- Assignment
Retype all the records below exactly as they are, with no image carried over.

- Dataset entries
----------------------------------------
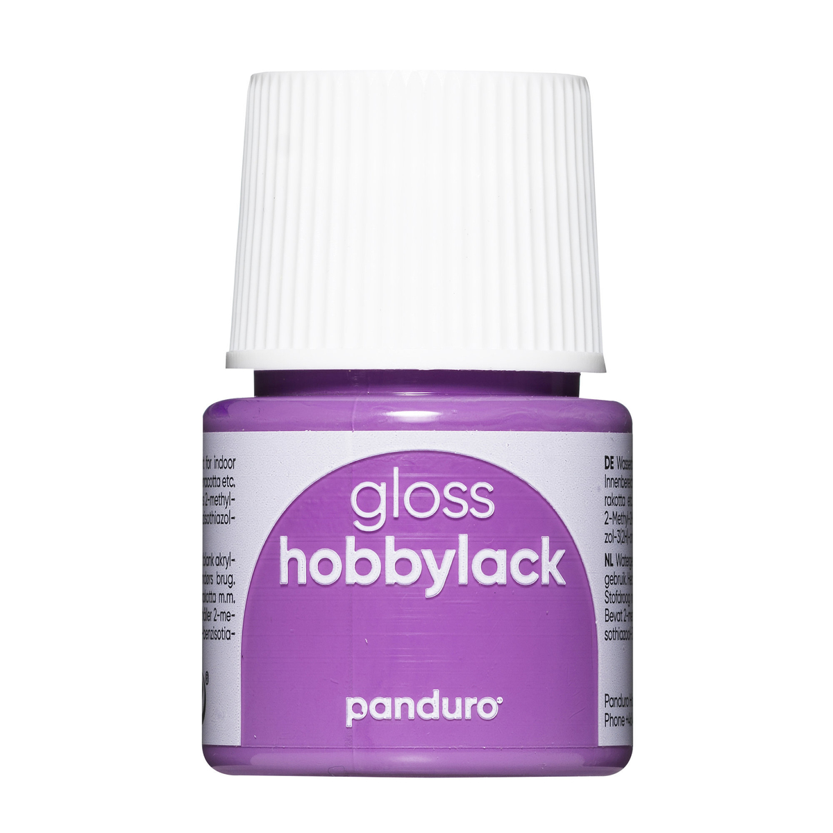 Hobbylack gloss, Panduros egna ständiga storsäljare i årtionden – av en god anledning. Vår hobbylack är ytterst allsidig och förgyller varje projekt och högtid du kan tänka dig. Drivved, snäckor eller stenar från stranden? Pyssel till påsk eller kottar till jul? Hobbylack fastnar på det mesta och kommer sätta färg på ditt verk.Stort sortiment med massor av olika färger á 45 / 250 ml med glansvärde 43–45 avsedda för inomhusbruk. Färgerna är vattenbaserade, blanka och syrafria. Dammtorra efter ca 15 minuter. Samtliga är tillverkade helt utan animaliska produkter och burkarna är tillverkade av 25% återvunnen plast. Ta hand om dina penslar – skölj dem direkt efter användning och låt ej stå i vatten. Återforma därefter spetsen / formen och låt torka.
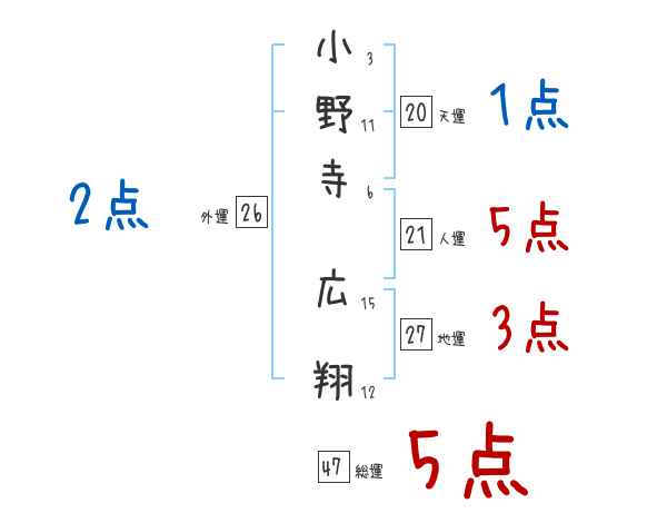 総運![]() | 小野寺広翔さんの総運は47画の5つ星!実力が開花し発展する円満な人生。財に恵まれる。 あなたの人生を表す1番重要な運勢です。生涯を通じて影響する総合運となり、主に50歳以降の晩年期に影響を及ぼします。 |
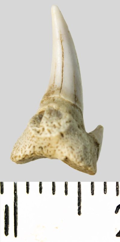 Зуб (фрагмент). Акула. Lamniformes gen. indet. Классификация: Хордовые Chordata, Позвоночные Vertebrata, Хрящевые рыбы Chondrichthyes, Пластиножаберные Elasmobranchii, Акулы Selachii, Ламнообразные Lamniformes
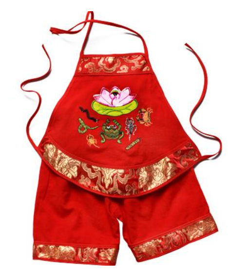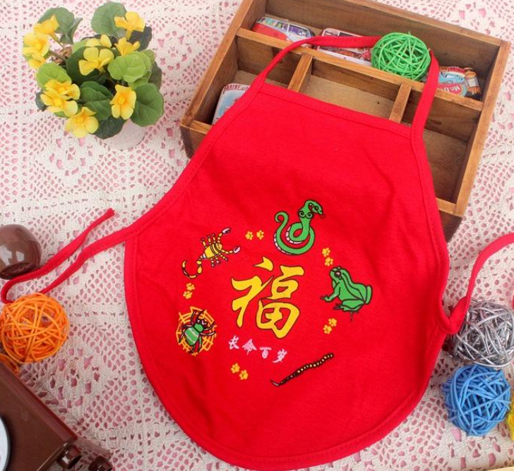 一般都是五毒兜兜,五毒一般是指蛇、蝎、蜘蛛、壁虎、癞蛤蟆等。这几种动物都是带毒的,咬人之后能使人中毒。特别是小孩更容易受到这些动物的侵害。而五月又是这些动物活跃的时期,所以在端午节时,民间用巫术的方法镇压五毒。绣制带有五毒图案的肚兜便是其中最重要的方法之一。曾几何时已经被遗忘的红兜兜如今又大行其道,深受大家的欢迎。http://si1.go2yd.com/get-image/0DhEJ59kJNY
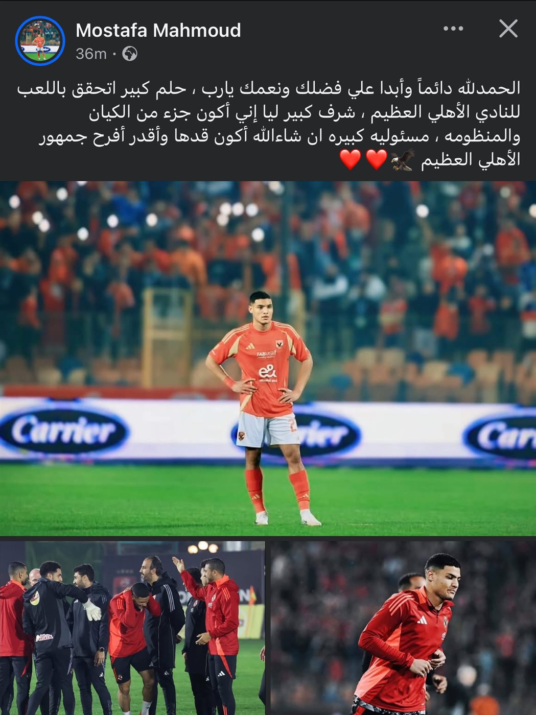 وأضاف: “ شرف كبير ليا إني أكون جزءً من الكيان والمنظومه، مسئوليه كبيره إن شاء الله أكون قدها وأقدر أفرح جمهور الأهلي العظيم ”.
----------------------------------------
- Solution to this problem
 Hobbylack gloss, Panduros egna ständiga storsäljare i årtionden – av en god anledning. Vår hobbylack är ytterst allsidig och förgyller varje projekt och högtid du kan tänka dig. Drivved, snäckor eller stenar från stranden? Pyssel till påsk eller kottar till jul? Hobbylack fastnar på det mesta och kommer sätta färg på ditt verk.Stort sortiment med massor av olika färger á 45 / 250 ml med glansvärde 43–45 avsedda för inomhusbruk. Färgerna är vattenbaserade, blanka och syrafria. Dammtorra efter ca 15 minuter. Samtliga är tillverkade helt utan animaliska produkter och burkarna är tillverkade av 25% återvunnen plast. Ta hand om dina penslar – skölj dem direkt efter användning och låt ej stå i vatten. Återforma därefter spetsen / formen och låt torka.
 総運![]() | 小野寺広翔さんの総運は47画の5つ星!実力が開花し発展する円満な人生。財に恵まれる。 あなたの人生を表す1番重要な運勢です。生涯を通じて影響する総合運となり、主に50歳以降の晩年期に影響を及ぼします。 |
 Зуб (фрагмент). Акула. Lamniformes gen. indet. Классификация: Хордовые Chordata, Позвоночные Vertebrata, Хрящевые рыбы Chondrichthyes, Пластиножаберные Elasmobranchii, Акулы Selachii, Ламнообразные Lamniformes
 一般都是五毒兜兜,五毒一般是指蛇、蝎、蜘蛛、壁虎、癞蛤蟆等。这几种动物都是带毒的,咬人之后能使人中毒。特别是小孩更容易受到这些动物的侵害。而五月又是这些动物活跃的时期,所以在端午节时,民间用巫术的方法镇压五毒。绣制带有五毒图案的肚兜便是其中最重要的方法之一。曾几何时已经被遗忘的红兜兜如今又大行其道,深受大家的欢迎。http://si1.go2yd.com/get-image/0DhEJ59kJNY
 وأضاف: “ شرف كبير ليا إني أكون جزءً من الكيان والمنظومه، مسئوليه كبيره إن شاء الله أكون قدها وأقدر أفرح جمهور الأهلي العظيم ”.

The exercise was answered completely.